The fundamental premise of Vision-Language-Action (VLA) models is to harness the extensive general capabilities of pre-trained Vision-Language Models (VLMs) for generalized embodied intelligence. However, standard robotic fine-tuning inevitably disrupts the pre-trained feature space, leading to "catastrophic forgetting" that compromises the general visual understanding we aim to leverage. To effectively utilize the uncorrupted general capabilities of VLMs for robotic tasks, we propose TwinBrainVLA, which coordinates two isomorphic VLM pathways: a frozen generalist (also called "Left Brain") and a trainable specialist (also called "Right Brain"). Our architecture utilizes a Asymmetric Mixture-of-Transformers (AsyMoT) mechanism, enabling the Right Brain to dynamically query and fuse intact semantic knowledge from the Left Brain with proprioceptive states. This fused representation conditions a flow-matching action expert for precise continuous control. Empirical results on SimplerEnv and RoboCasa benchmarks demonstrate that by explicitly retaining general capabilities, TwinBrainVLA achieves substantial performance gains over baseline models in complex manipulation tasks.
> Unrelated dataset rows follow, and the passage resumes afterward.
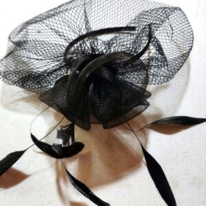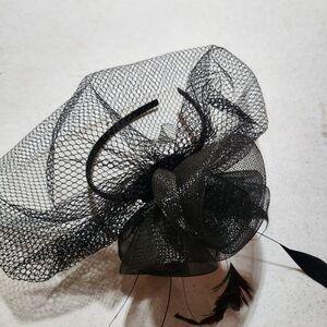 Vintage Handmade Black Veiled Embellished HeadBand with Feather
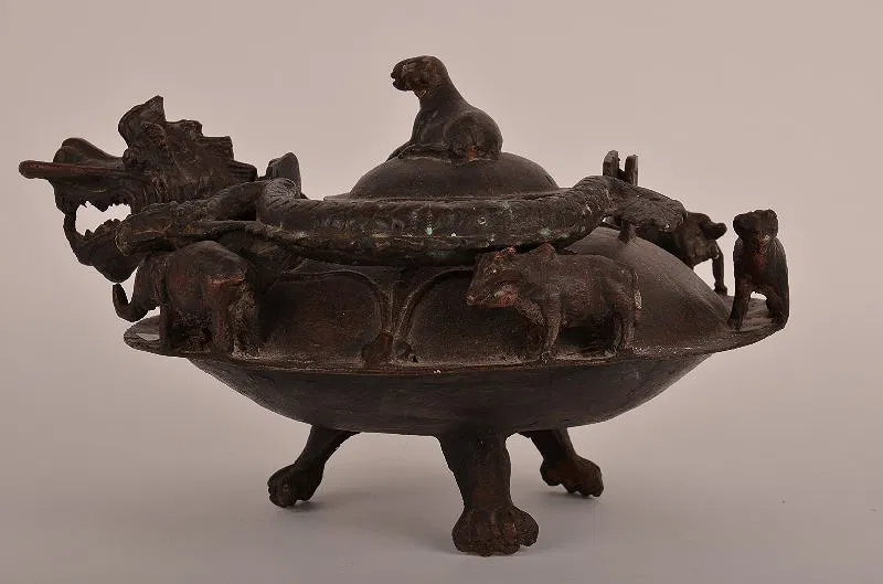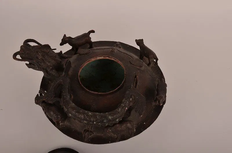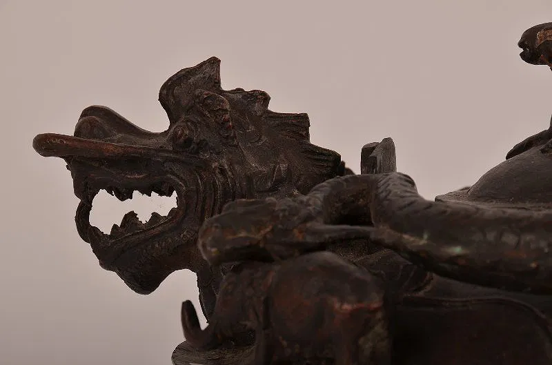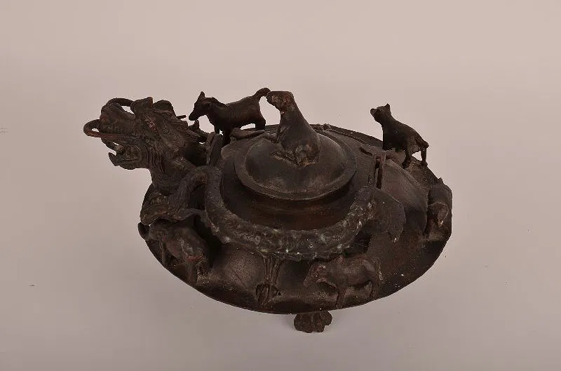Chinese bronze teapot decorated with a dragon spout and handle. H: 9″ Diameter: 9″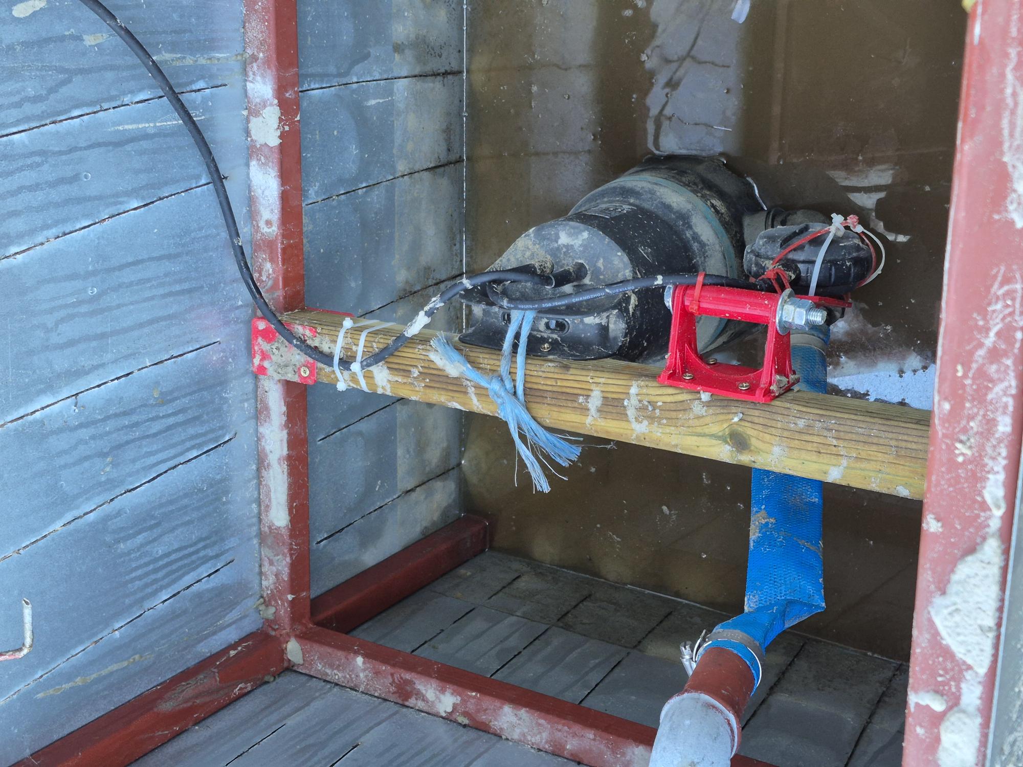 Cơ cấu gồm 2 chi tiết giúp giới hạn chuyển động của phao máy bơm chìm, chỉ cho đi lên/xuống thay vì lắc mọi hướng. Dùng bolt M10 dài để nối 2 mảnh, cố định phao bằng zipties/tie wraps.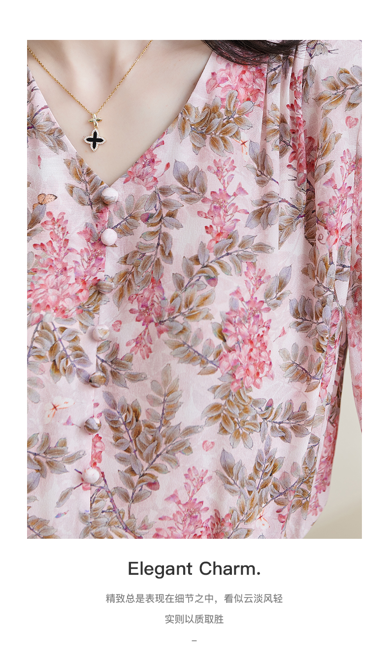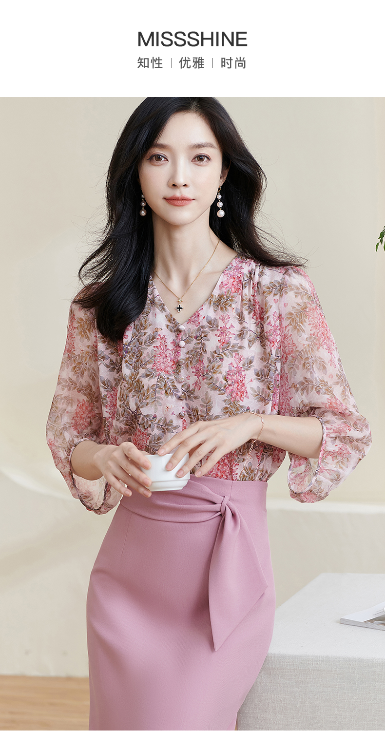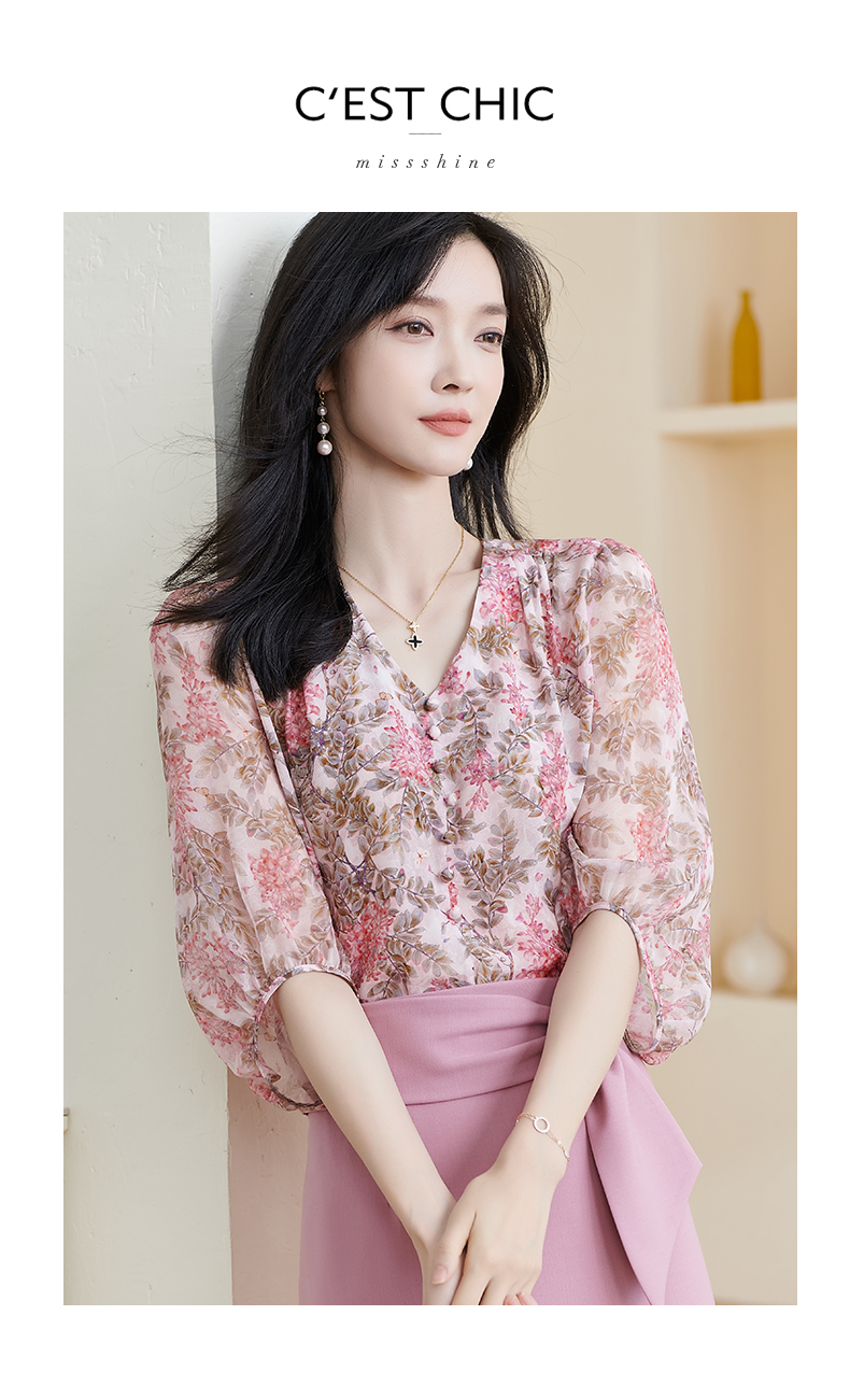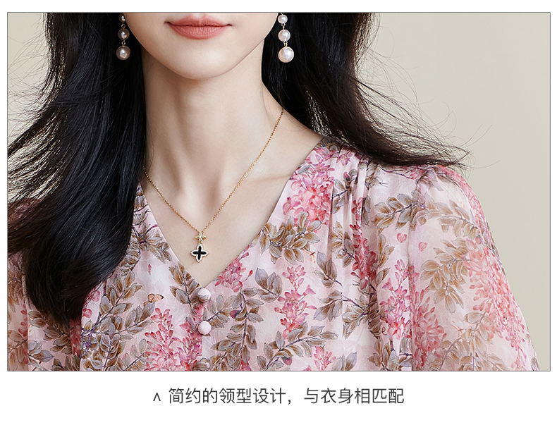 米思阳2026夏季新款100%桑蚕丝淑女粉色衬衫泡泡袖碎花上衣女1330/1059

翻译：视觉-语言-动作模型的基本前提是利用预训练视觉-语言模型广泛的通用能力，实现泛化的具身智能。然而，标准的机器人微调不可避免地会破坏预训练的特征空间，导致"灾难性遗忘"，从而损害我们本欲利用的通用视觉理解能力。为了有效利用VLM未受损的通用能力完成机器人任务，我们提出了TwinBrainVLA，它协调两个同构的VLM通路：一个冻结的通用通路（亦称"左脑"）和一个可训练的专业通路（亦称"右脑"）。我们的架构采用非对称混合Transformer机制，使右脑能够动态查询左脑完整的语义知识，并将其与本体感知状态融合。这种融合表征用于调节一个流匹配动作专家，以实现精确的连续控制。在SimplerEnv和RoboCasa基准测试上的实证结果表明，通过显式保留通用能力，TwinBrainVLA在复杂操作任务中相比基线模型实现了显著的性能提升。